■ **Data excerpt**:
-- Opening Marker --

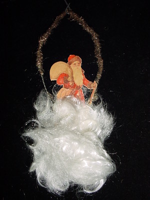 Title (ebay affiliate link): 6" ANTIQUE VICTORIAN TINSEL & SCRAP SANTA SPUN GLASS CHRISTMAS ORNAMENT
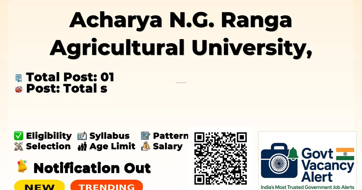 Company Name Acharya N.G. Ranga Agricultural University, Agricultural College, Pulivendula Post Name Teaching Assistant No of Posts 01 Salary Rs. 750/- per hour subject to a maximum of Rs.27,000/- per month Qualification Teaching Assistant Age Limit 35 years for Men 40 years for Women Date and Time of Interview 20.01.2026 at 10.30 AM Official Website angrau.ac.in
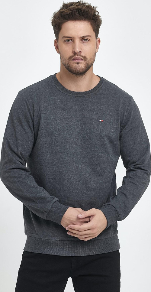 Comeor Erkek Antrasit Bisiklet Yaka Nakış Detaylı Regular Fit Sweatshirt CMRE70

-- Closing Marker --

■ **The problem**: Only exact repeats of the lines from the one containing "Company Name Acharya" through the end of the listing above are wanted here; pictures are not.

■ **Written answer**:
 Company Name Acharya N.G. Ranga Agricultural University, Agricultural College, Pulivendula Post Name Teaching Assistant No of Posts 01 Salary Rs. 750/- per hour subject to a maximum of Rs.27,000/- per month Qualification Teaching Assistant Age Limit 35 years for Men 40 years for Women Date and Time of Interview 20.01.2026 at 10.30 AM Official Website angrau.ac.in
 Comeor Erkek Antrasit Bisiklet Yaka Nakış Detaylı Regular Fit Sweatshirt CMRE70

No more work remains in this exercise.